[Items from a data source]
● ● ● ● ●

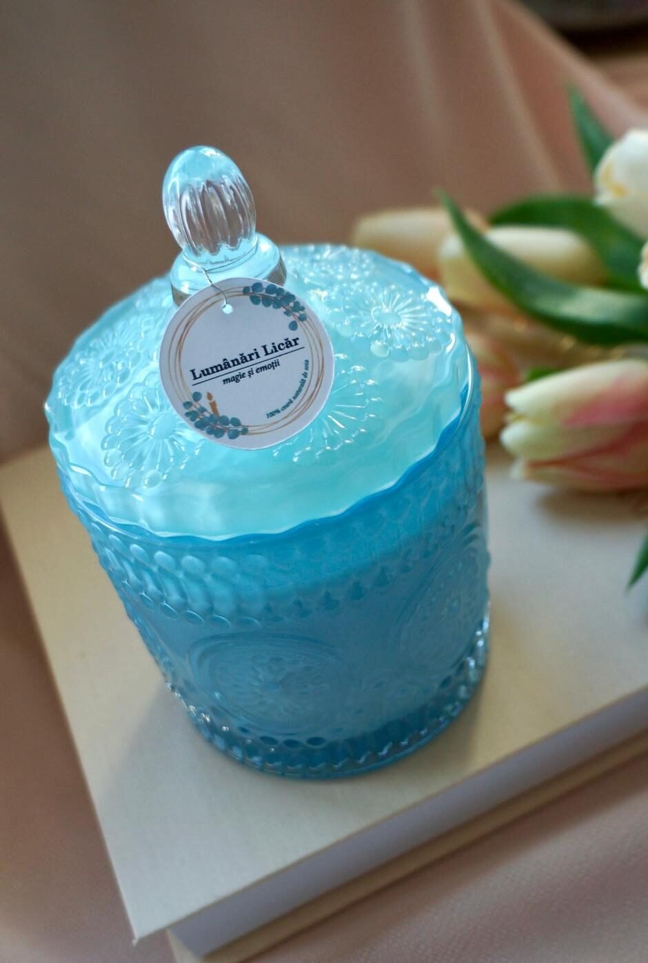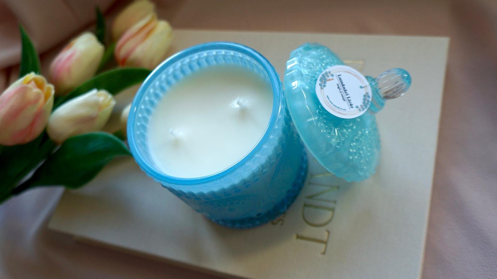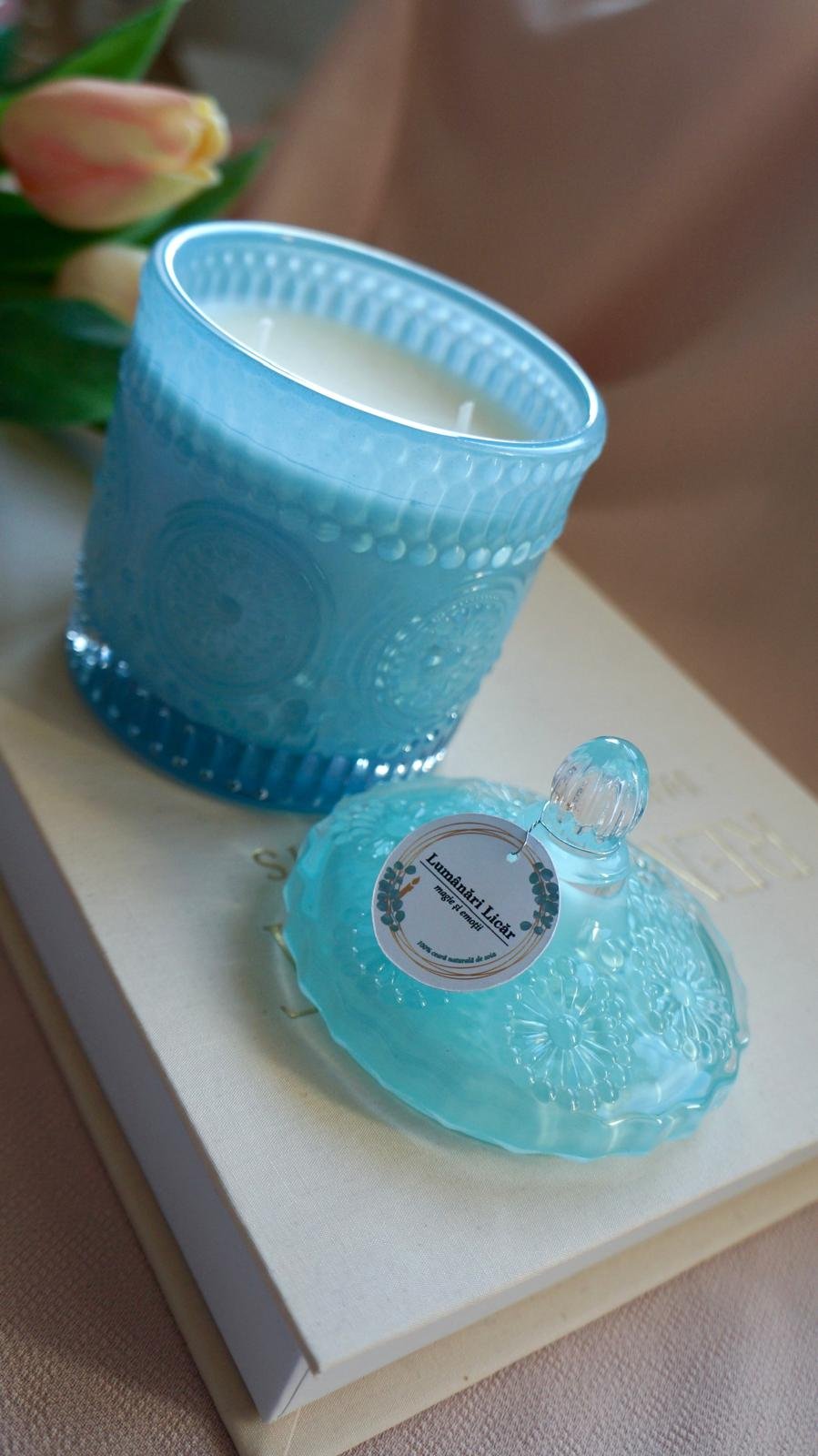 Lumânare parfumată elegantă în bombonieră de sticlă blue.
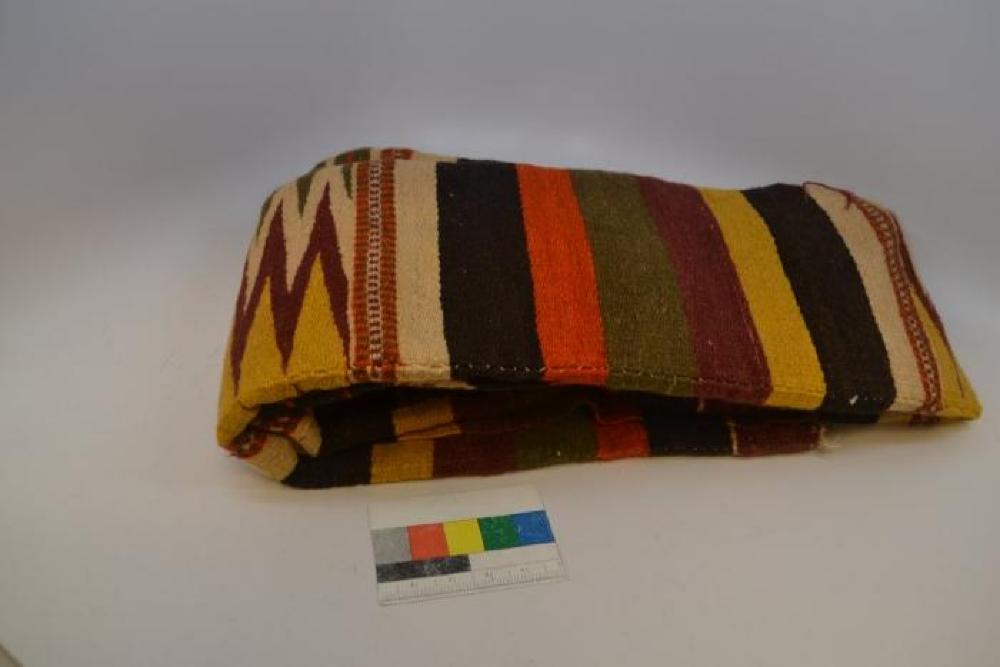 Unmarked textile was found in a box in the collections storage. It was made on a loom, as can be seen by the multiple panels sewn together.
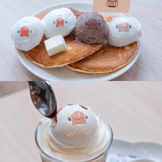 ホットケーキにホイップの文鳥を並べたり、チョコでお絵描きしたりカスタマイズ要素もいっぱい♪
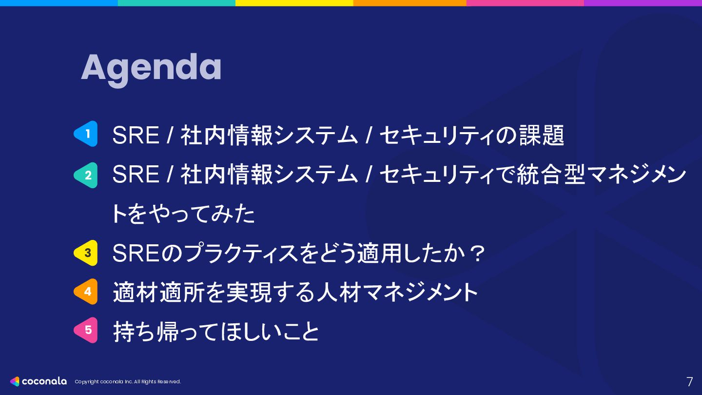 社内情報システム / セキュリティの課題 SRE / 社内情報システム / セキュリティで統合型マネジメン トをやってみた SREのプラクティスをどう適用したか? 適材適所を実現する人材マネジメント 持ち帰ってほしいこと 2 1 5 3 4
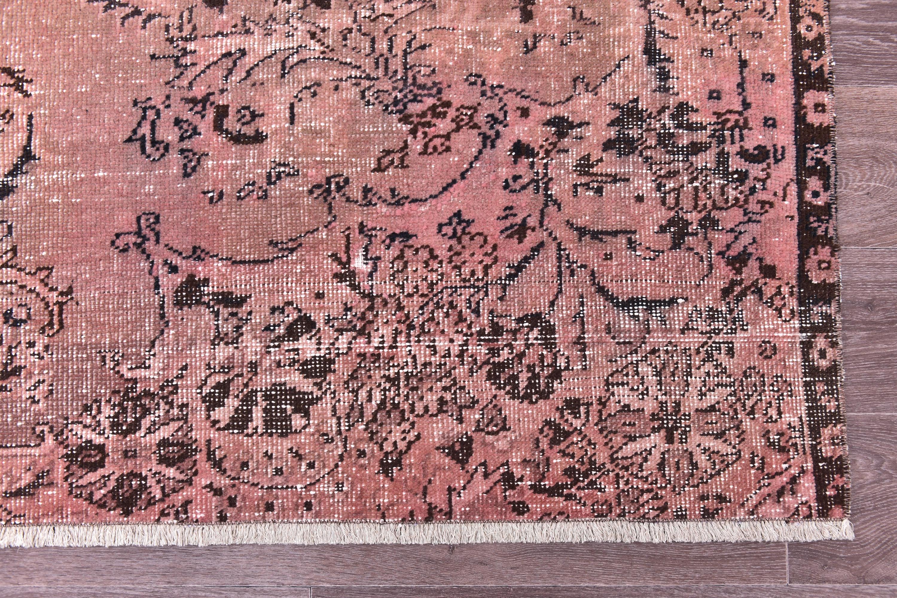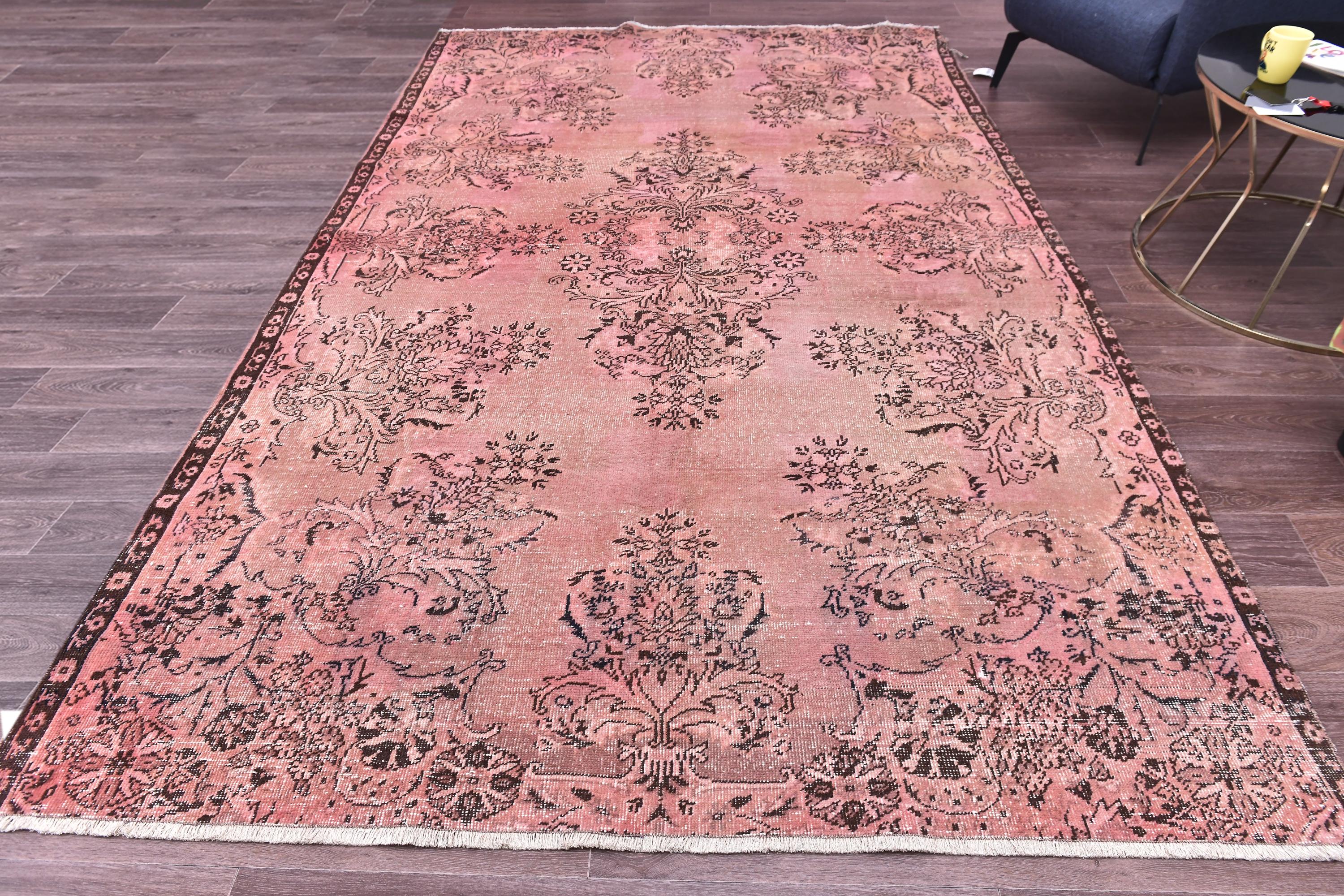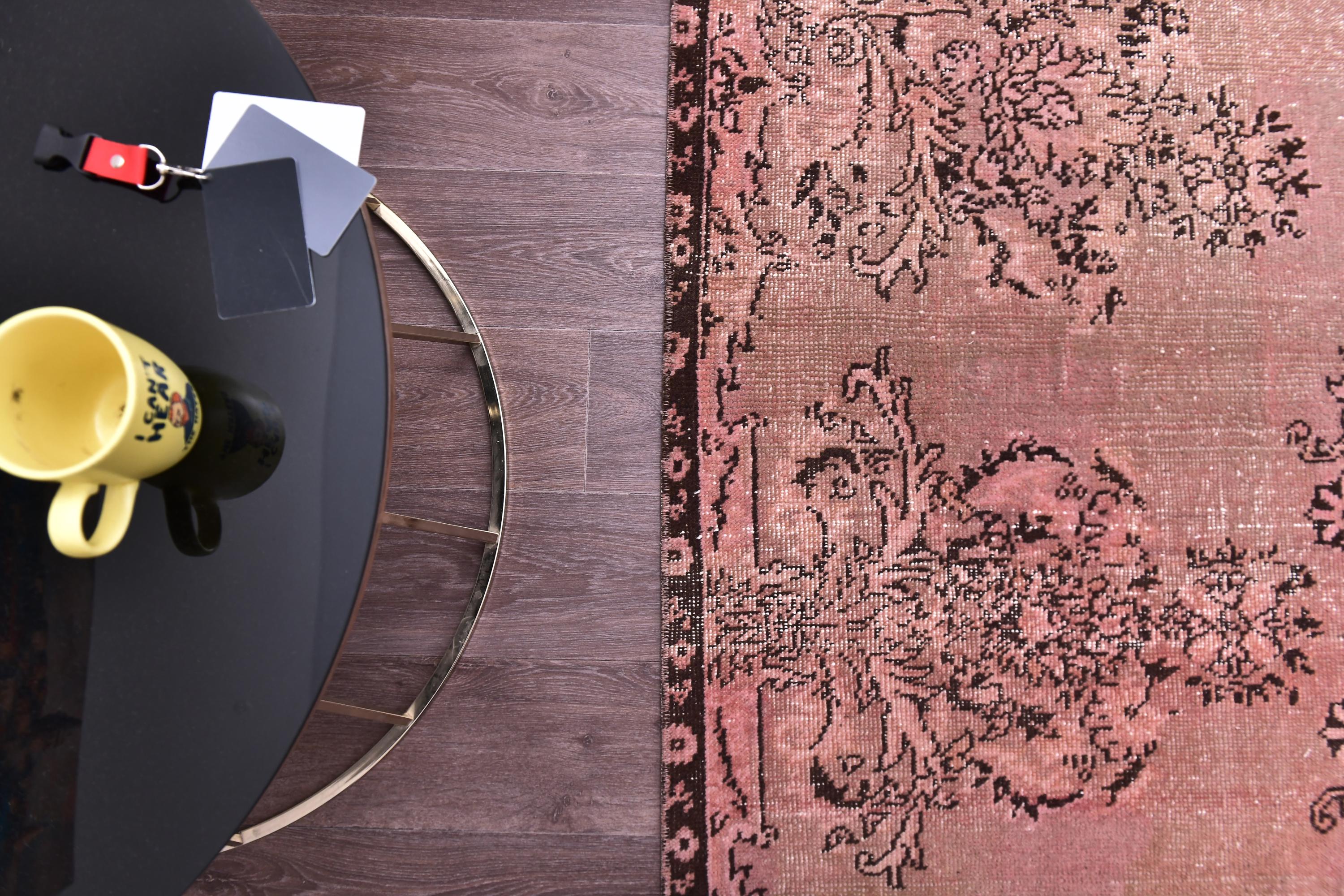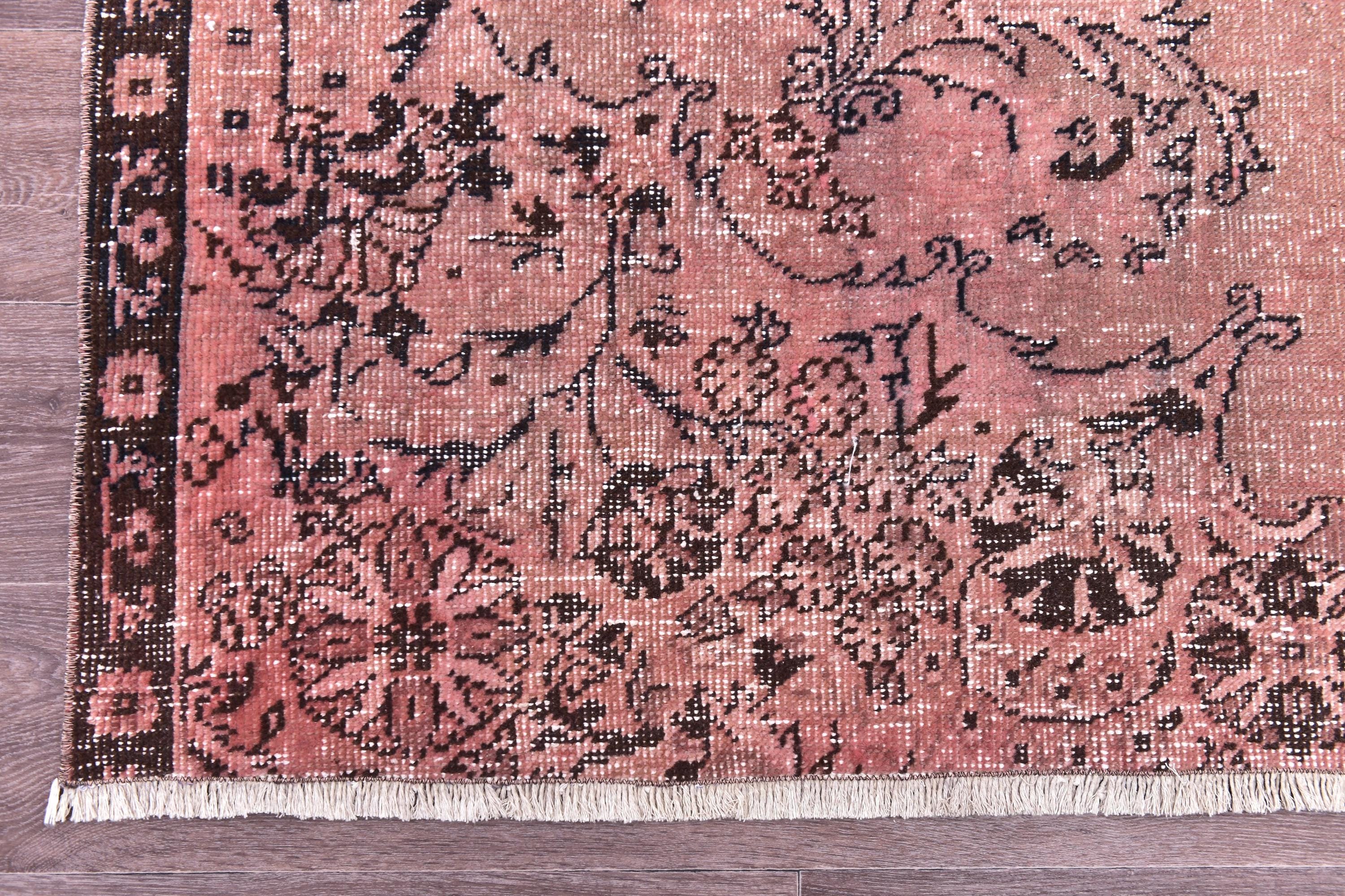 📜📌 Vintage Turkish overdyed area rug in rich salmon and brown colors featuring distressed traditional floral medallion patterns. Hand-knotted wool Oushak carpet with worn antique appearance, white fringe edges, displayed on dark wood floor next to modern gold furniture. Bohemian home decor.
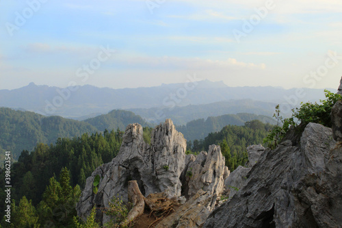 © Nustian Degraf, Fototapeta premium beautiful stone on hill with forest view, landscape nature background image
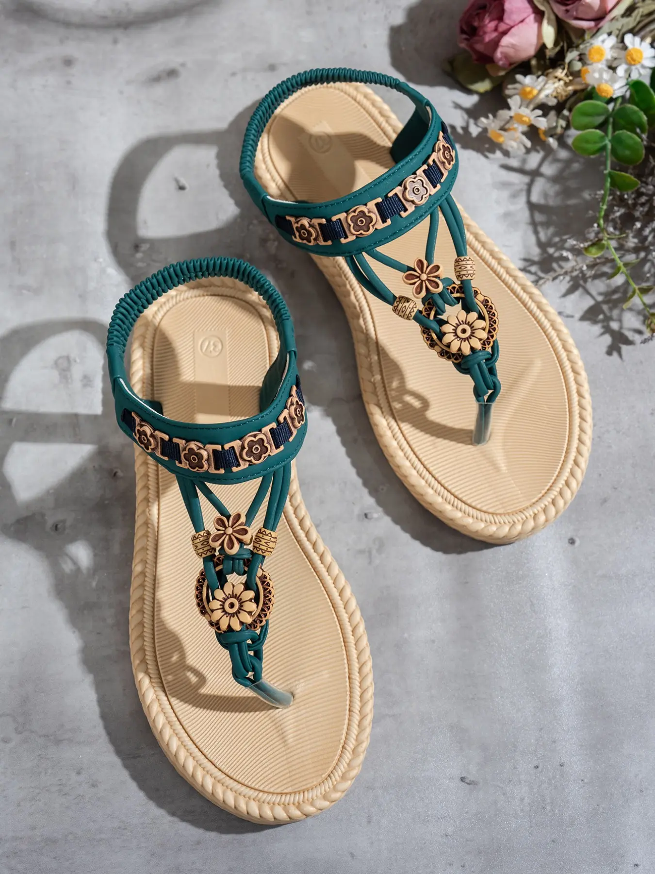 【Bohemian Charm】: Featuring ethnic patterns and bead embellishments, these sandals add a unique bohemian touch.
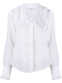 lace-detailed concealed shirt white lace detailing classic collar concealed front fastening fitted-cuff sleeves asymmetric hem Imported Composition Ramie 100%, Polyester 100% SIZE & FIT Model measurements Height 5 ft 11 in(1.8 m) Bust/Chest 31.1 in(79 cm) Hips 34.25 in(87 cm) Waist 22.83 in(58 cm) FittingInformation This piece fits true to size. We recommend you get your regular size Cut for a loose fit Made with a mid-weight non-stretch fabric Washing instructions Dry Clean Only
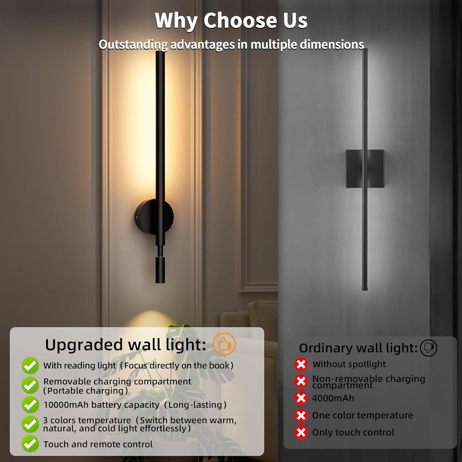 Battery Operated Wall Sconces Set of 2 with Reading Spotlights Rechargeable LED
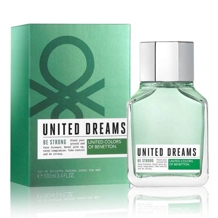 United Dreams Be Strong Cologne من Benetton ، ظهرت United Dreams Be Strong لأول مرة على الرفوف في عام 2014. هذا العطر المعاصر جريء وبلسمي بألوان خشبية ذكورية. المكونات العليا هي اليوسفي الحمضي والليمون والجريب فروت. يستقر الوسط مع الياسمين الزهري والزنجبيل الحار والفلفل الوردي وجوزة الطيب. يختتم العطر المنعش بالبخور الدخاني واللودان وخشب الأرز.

● ● ● ● ●

Problem: Copy each line above exactly. Images do not belong in the copy.

Your response:
 Lumânare parfumată elegantă în bombonieră de sticlă blue.
 Unmarked textile was found in a box in the collections storage. It was made on a loom, as can be seen by the multiple panels sewn together.
 ホットケーキにホイップの文鳥を並べたり、チョコでお絵描きしたりカスタマイズ要素もいっぱい♪
 社内情報システム / セキュリティの課題 SRE / 社内情報システム / セキュリティで統合型マネジメン トをやってみた SREのプラクティスをどう適用したか? 適材適所を実現する人材マネジメント 持ち帰ってほしいこと 2 1 5 3 4
 📜📌 Vintage Turkish overdyed area rug in rich salmon and brown colors featuring distressed traditional floral medallion patterns. Hand-knotted wool Oushak carpet with worn antique appearance, white fringe edges, displayed on dark wood floor next to modern gold furniture. Bohemian home decor.
 © Nustian Degraf, Fototapeta premium beautiful stone on hill with forest view, landscape nature background image
 【Bohemian Charm】: Featuring ethnic patterns and bead embellishments, these sandals add a unique bohemian touch.
 lace-detailed concealed shirt white lace detailing classic collar concealed front fastening fitted-cuff sleeves asymmetric hem Imported Composition Ramie 100%, Polyester 100% SIZE & FIT Model measurements Height 5 ft 11 in(1.8 m) Bust/Chest 31.1 in(79 cm) Hips 34.25 in(87 cm) Waist 22.83 in(58 cm) FittingInformation This piece fits true to size. We recommend you get your regular size Cut for a loose fit Made with a mid-weight non-stretch fabric Washing instructions Dry Clean Only
 Battery Operated Wall Sconces Set of 2 with Reading Spotlights Rechargeable LED
 United Dreams Be Strong Cologne من Benetton ، ظهرت United Dreams Be Strong لأول مرة على الرفوف في عام 2014. هذا العطر المعاصر جريء وبلسمي بألوان خشبية ذكورية. المكونات العليا هي اليوسفي الحمضي والليمون والجريب فروت. يستقر الوسط مع الياسمين الزهري والزنجبيل الحار والفلفل الوردي وجوزة الطيب. يختتم العطر المنعش بالبخور الدخاني واللودان وخشب الأرز.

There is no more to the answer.